Provided records →
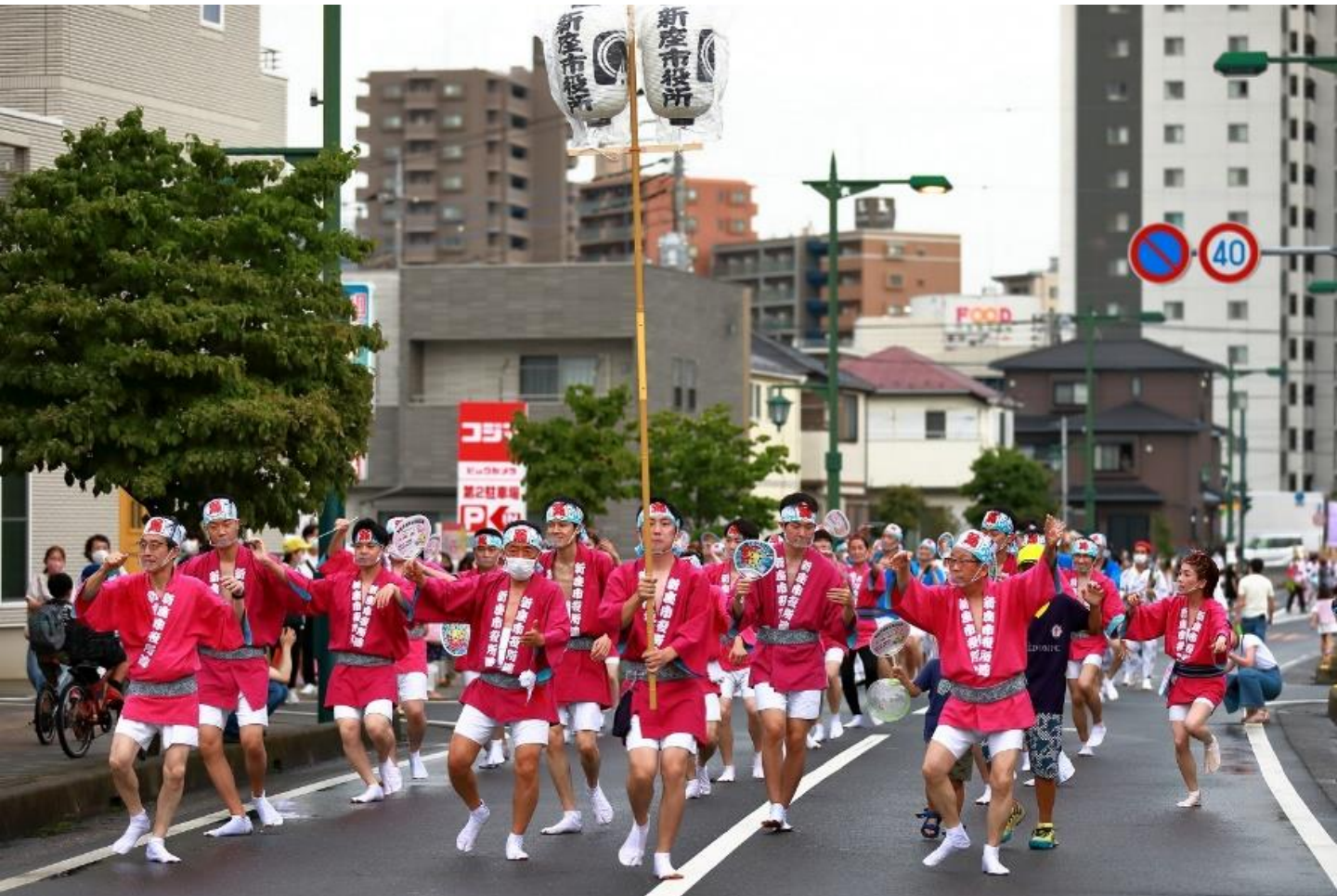
新座快適みらい都市第7回大江戸新座祭り
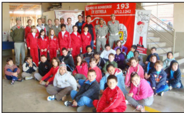
Participantes da solenidade de entrega dos uniformes

O projeto visa orientar crianças e adolescentes sobre como agir em casos de emergência e acidentes, além de desenvolver trabalhos sobre diversos temas, como drogas, violência, trânsito, meio ambiente, alimentação saudável e reforço escolar.
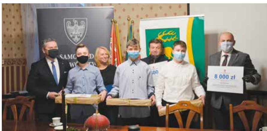
Uczniowie reprezentujący Szkołę Podstawową w Drawsku otrzymali w nagrodę za udział w projekcie laptopy
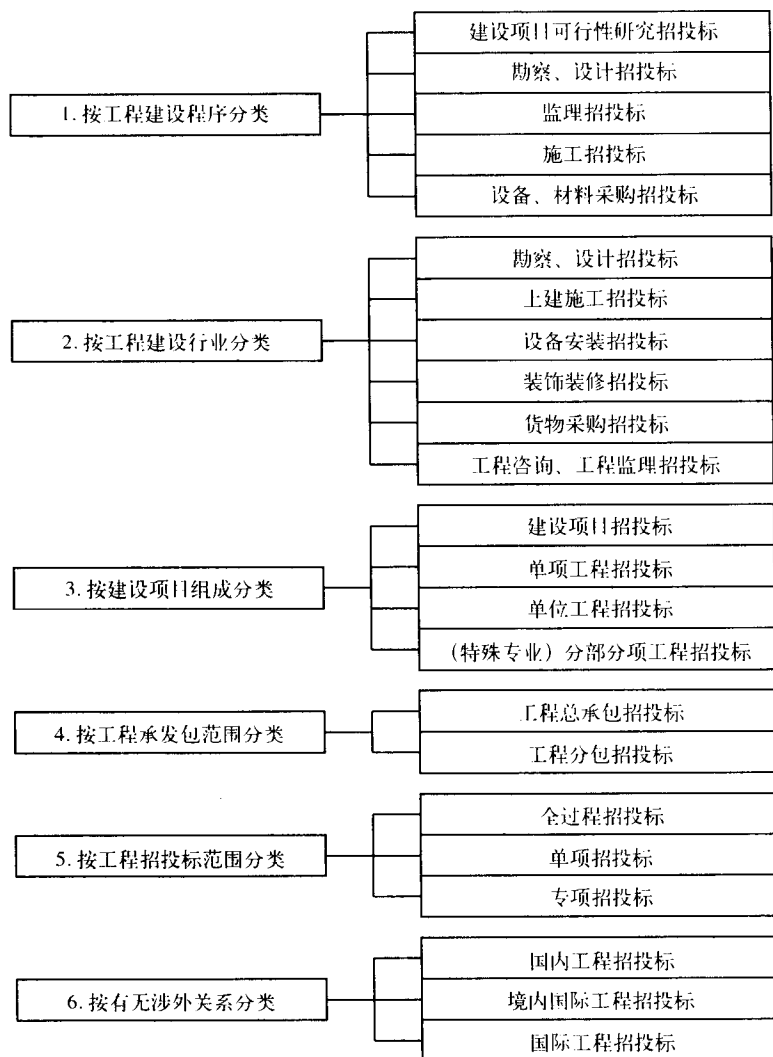
图1-1 建设工程招标投标的分类
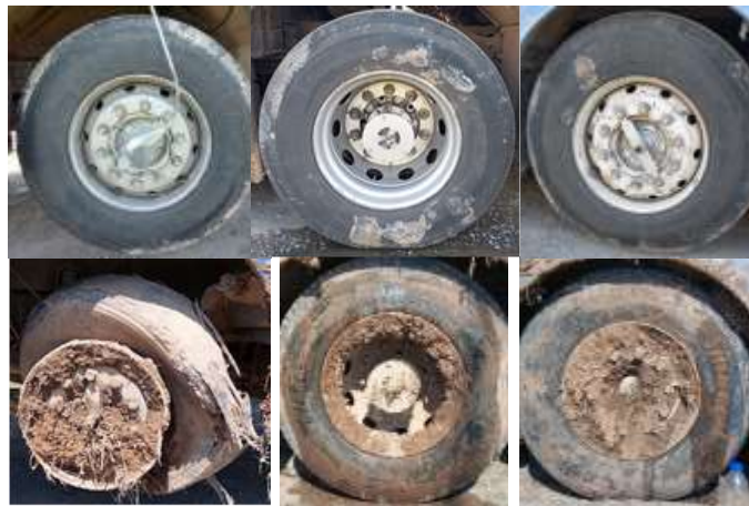
Figura 5. Registro de neumáticos del vehículo.
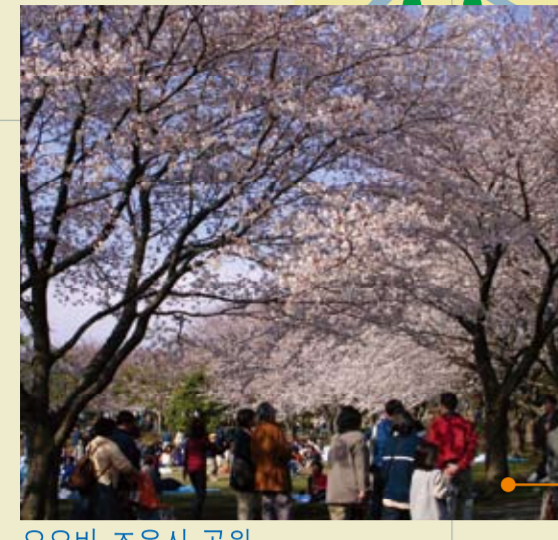
오오마 조유시 공원 오오마5230-1 TEL.0466-87-9500 여로부터 '오오마시야마'라 불리며 광대한 잔디 광장을 중심으로 어린이 모험 코너, 꽃의 광장이 있습니다. 특히 벚꽃이 유명하여 봄에는 관광객들로 아주 많이 붐빕니다.
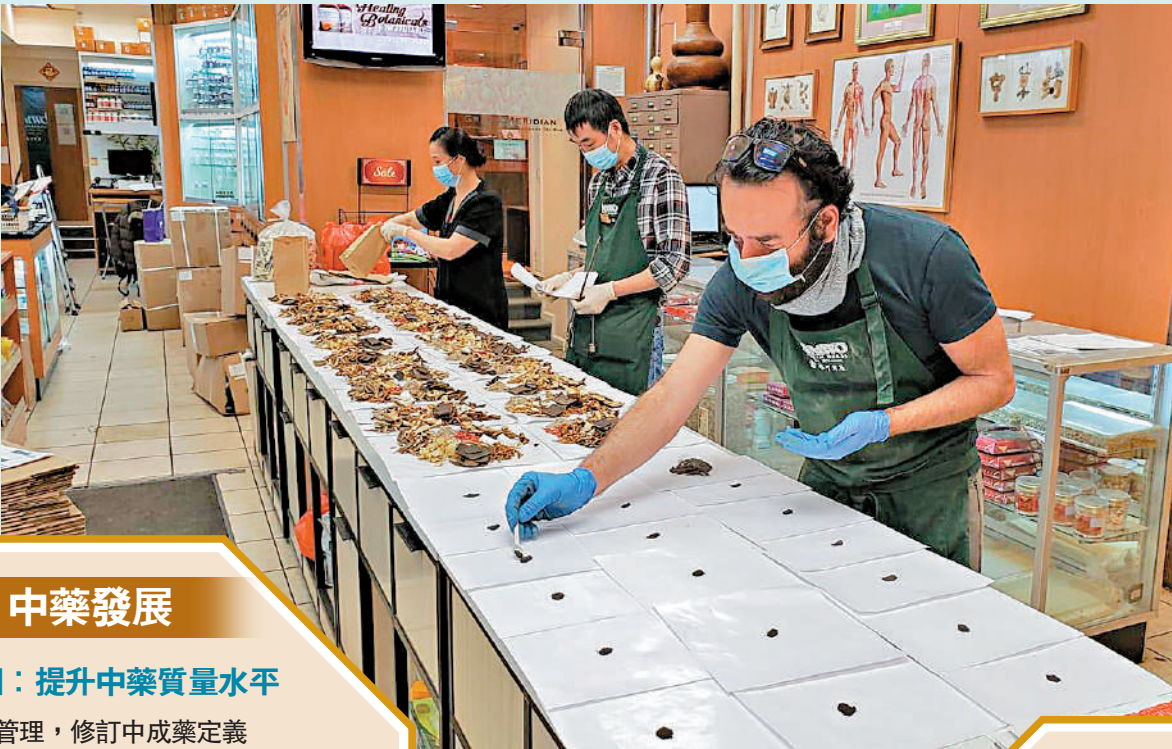
▲中醫藥文化在全球日趨流行，愈來愈多外國人相信中醫藥效用。
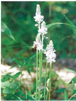
野草の花 ツルボ 熊谷 仁
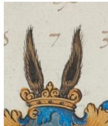
P 314 fol 015r Philippus de Forvy, s.l. 1573. Voor AvLoo.

In blauw tien aanstotende en aangesloten, zilveren ruiten (3-3-3-1), de onderste ruit beladen met een rood kruis. Helmteken: een gouden kroon waaruit een linker gouden en een rechter eveneens gouden ezelsoor steken. Dekkleden: blauw en goud.

Work item → Your copy should match every record exactly and contain no pictures.

Worked solution →
新座快適みらい都市第7回大江戸新座祭り
Participantes da solenidade de entrega dos uniformes

O projeto visa orientar crianças e adolescentes sobre como agir em casos de emergência e acidentes, além de desenvolver trabalhos sobre diversos temas, como drogas, violência, trânsito, meio ambiente, alimentação saudável e reforço escolar.
Uczniowie reprezentujący Szkołę Podstawową w Drawsku otrzymali w nagrodę za udział w projekcie laptopy
图1-1 建设工程招标投标的分类
Figura 5. Registro de neumáticos del vehículo.
오오마 조유시 공원 오오마5230-1 TEL.0466-87-9500 여로부터 '오오마시야마'라 불리며 광대한 잔디 광장을 중심으로 어린이 모험 코너, 꽃의 광장이 있습니다. 특히 벚꽃이 유명하여 봄에는 관광객들로 아주 많이 붐빕니다.
▲中醫藥文化在全球日趨流行，愈來愈多外國人相信中醫藥效用。
野草の花 ツルボ 熊谷 仁
P 314 fol 015r Philippus de Forvy, s.l. 1573. Voor AvLoo.

In blauw tien aanstotende en aangesloten, zilveren ruiten (3-3-3-1), de onderste ruit beladen met een rood kruis. Helmteken: een gouden kroon waaruit een linker gouden en een rechter eveneens gouden ezelsoor steken. Dekkleden: blauw en goud.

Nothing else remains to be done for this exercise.